Matt, we’re swinging back around to the bad things in the film. What other, non-obvious mistakes do you see? 

Matthew Guerruckey: You know, that comment about this film needing a counter-culture type brings up a glaring weakness in the structure of The Phantom Menace--there’s no cynical or sarcastic counterpoint to everything that’s going on. Every character is serious and straight-forward and, therefore, not much fun. The closest that any character in this entire movie gets to a cynical “Han Solo” line of dialogue is Jar Jar when he mocks the “maxi-big” force. But why is this Jar Jar’s line? Jar Jar is an innocent, and his innocence will be key, in the next movie, to Palpatine grabbing power. So there’s no way Jar jar would actually say this, but this kind of line should be said by some character.

Without opposing worldviews, there’s no conflict. Han Solo, Luke Skywalker, and Princess Leia have chemistry as characters because they all want and feel different things, and those things are a reflection of their lives. Luke and Han lie in opposition to each other because one has seen the galaxy and one hasn’t. Han and Leia are in opposition because one believes in fighting the good fight and the other believes in looking out for number one.

The closest that the core characters of The Phantom Menace come to true conflict is when Obi Wan questions Qui Gon about training Anakin. Not only is that conversation never mentioned again, but Obi Wan’s words have no effect on Qui Gon. He never questions that Anakin might be the chosen one. Without even a moment of doubt, we don’t really believe that Qui Gon has his own thoughts and emotions. At the end of Star Wars, Han Solo comes back to save Luke because both Luke and Leia have confronted him about the good that he can do for the Rebellion. We see Han become conflicted, and so when he comes back, though we may be surprised, we can picture his moment of indecision. It happened off-screen, but at some point Han decided to turn back. Why does Qui Gon decide to train Anakin against the counsel of his superiors? Because George Lucas wants it that way. We, the audience, have no insight into why Qui Gon or any other character in this movie act the way that they do.

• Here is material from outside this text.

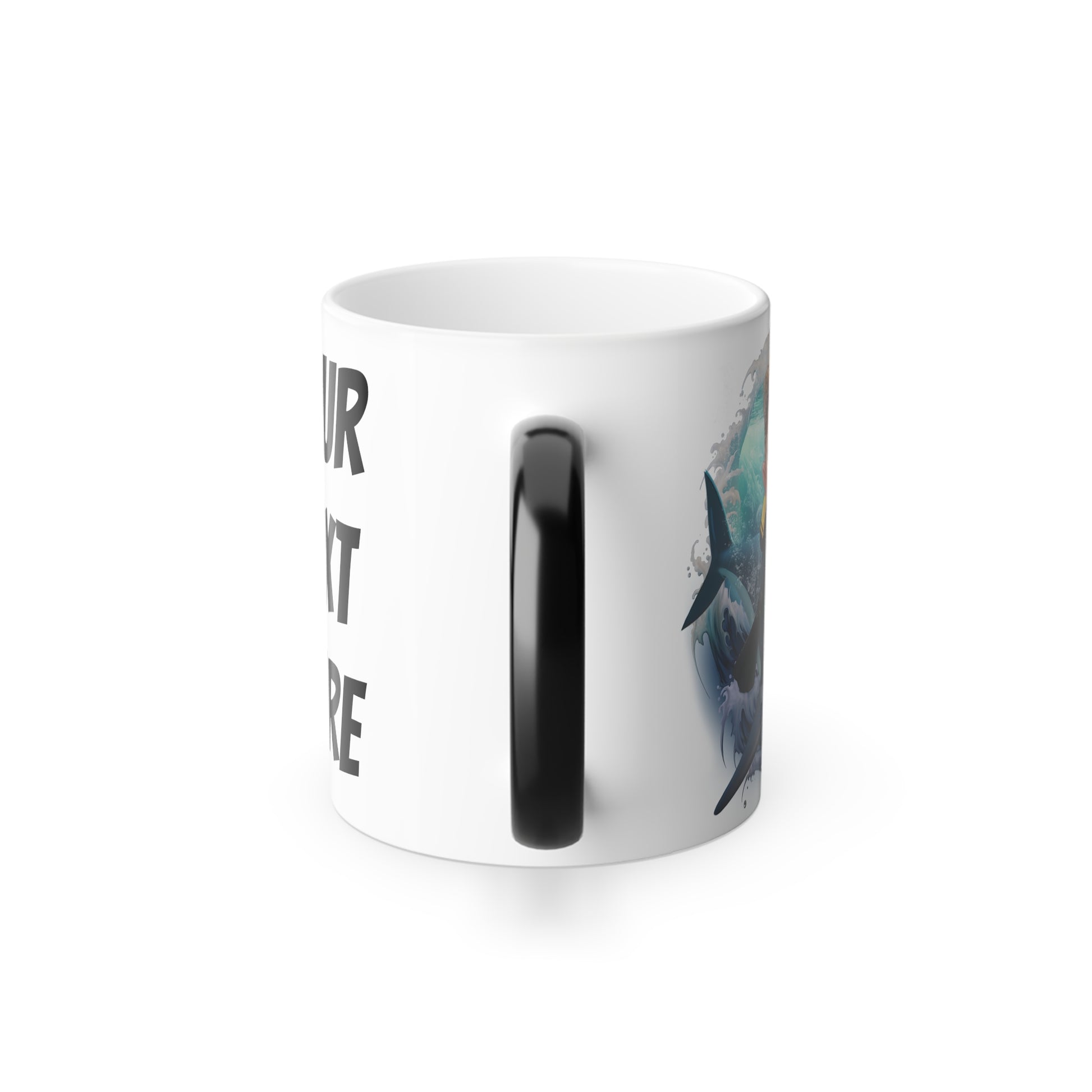 Our Personalized Hand Drawn Child Riding a Shark Custom Cartoon Caricature From Photo Mug – a heartwarming, unique gift for your loved ones. It's not just a mug, but a magical experience. Watch as the heat-reactive surface unveils your custom designs when filled with your favorite hot beverage. As the cup cools down, it reverts to its chic black exterior and pristine white interior, ready for the next reveal.

The only character we see doubt himself in this movie is Anakin, when he runs back to his mother before following Qui Gon and leaving Tatooine. Everyone’s dealt with doubt before a life-changing decision, so we can insert our own emotions into the moment. There is no other scene in The Phantom Menace that can connect to the audience’s emotions on a similar emotional level. Not a single one.

And while we’re in that moment--what happened to Anakin’s promise to come back and free the slaves of Tatooine? In Attack of the Clones he’ll come back to rescue his mother (committing a proto-Vaderian genocide in the process), but nothing ever comes of the dream Anakin mentions in this movie. Had they connected the plot of the second prequel to that dream, into the one true sign of emotion in The Phantom Menace, then maybe the climax of that film would have been more than a giant, garish cartoon.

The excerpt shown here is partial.